On the pivotal role of PPARα in adaptation of the heart to hypoxia and why fat in the diet increases hypoxic injury

The role of peroxisome proliferator-activated receptor alpha (PPAR alpha)-mediated metabolic remodeling in cardiac adaptation to hypoxia has yet to be defined. Here, mice were housed in hypoxia for 3 wk before in vivo contractile function was measured using cine MRI. In isolated, perfused hearts, energetics were measured using P-31 magnetic resonance spectroscopy (MRS), and glycolysis and fatty acid oxidation were measured using [H-3] labeling. Compared with a nor-moxic, chow-fed control mouse heart, hypoxia decreased PPAR alpha expression, fatty acid oxidation, and mitochondrial uncouplingprotein 3 (UCP3) levels, while increasing glycolysis, all of which served to maintain normal ATP concentrations ([ATP]) and thereby, ejection fractions.
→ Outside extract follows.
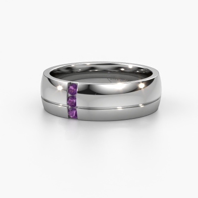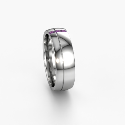 Een unieke bicolor platina dames trouwring, door jullie zelf ontworpen en ambachtelijk met de hand gemaakt door onze goudsmid in ons eigen atelier! Een prachtig symbool, dat jullie liefde weerspiegelt en je je leven lang mee mag dragen! Elke trouwring die wij leveren is in ons eigen atelier ambachtelijk met de hand gemaakt. Hierdoor is het mogelijk om al je wensen te verwezenlijken in jouw persoonlijke ring, die bij jouw stijl past. In deze moderne WH0223L56A trouwring is ronde amethist geplaatst, hij is ±6 mm breed en heeft een glimmende afwerking. In ons gespecialiseerde team verwerkt de sieradenontwerper jouw trouwring tot een 3D ontwerp. Wanneer je wilt, kun je hier ook een dummy van bestellen, zodat je de trouwring al van tevoren kunt zien en passen. Onze goudsmid werkt vervolgens in ons atelier met de hand om heel nauwkeurig jouw unieke ring te vervaardigen. Een heel secuur werkje, zowel het vervaardigen als de afwerking vragen een scherp oog. En dat is het mooie van het vak, want uiteindelijk is jouw unieke trouwring het resultaat van een echt ambacht, dat met veel passie uitgevoerd wordt!Je kunt je trouwens ook laten inspireren door deze trouwring en de ring nog verder naar smaak aanpassen. Wil je bijvoorbeeld liever een bredere of smallere ring of een glimmende of matte ring? Alles is mogelijk. Ook als je zelf een idee hebt voor prachtige trouwringen, of ergens anders een mooie set hebt gezien, die je naar eigen wens zou willen aanpassen: geen probleem! Neem gerust contact op, onze designers bespreken graag de mogelijkheden met je!Doordat wij alle trouwringen pas vervaardigen, zodra een bestelling geplaatst wordt, hebben wij geen dure voorraden. Ook worden alle sieraden in eigen atelier naar ambachtelijk vakmanschap gemaakt. Hierdoor kunnen we jou een beste prijsgarantie leveren, de prijs ligt 30% lager dan bij andere juweliers. En dat terwijl jouw trouwringen geleverd worden in de vertrouwde juwelierskwaliteit!Om het voor jou makkelijker te maken kun je ieder besteld sieraad binnen 30 dagen na aflevering eenvoudig weer retour sturen.

A high-fat diet increased cardiac PPAR alpha expression, fatty acid oxidation, and UCP3 levels with decreased glycolysis. Hypoxia was unable to alter the high PPAR alpha expression or reverse the metabolic changes caused by the high-fat diet, with the result that [ATP] and contractile function decreased significantly. The adaptive metabolic changes caused by hypoxia in control mouse hearts were found to have occurred already in PPAR alpha-deficient (PPAR alpha(-/-)) mouse hearts and sustained function in hypoxia despite an inability for further metabolic remodeling. We conclude that decreased cardiac PPAR alpha expression is essential for adaptive metabolic remodeling in hypoxia, but is prevented by dietary fat.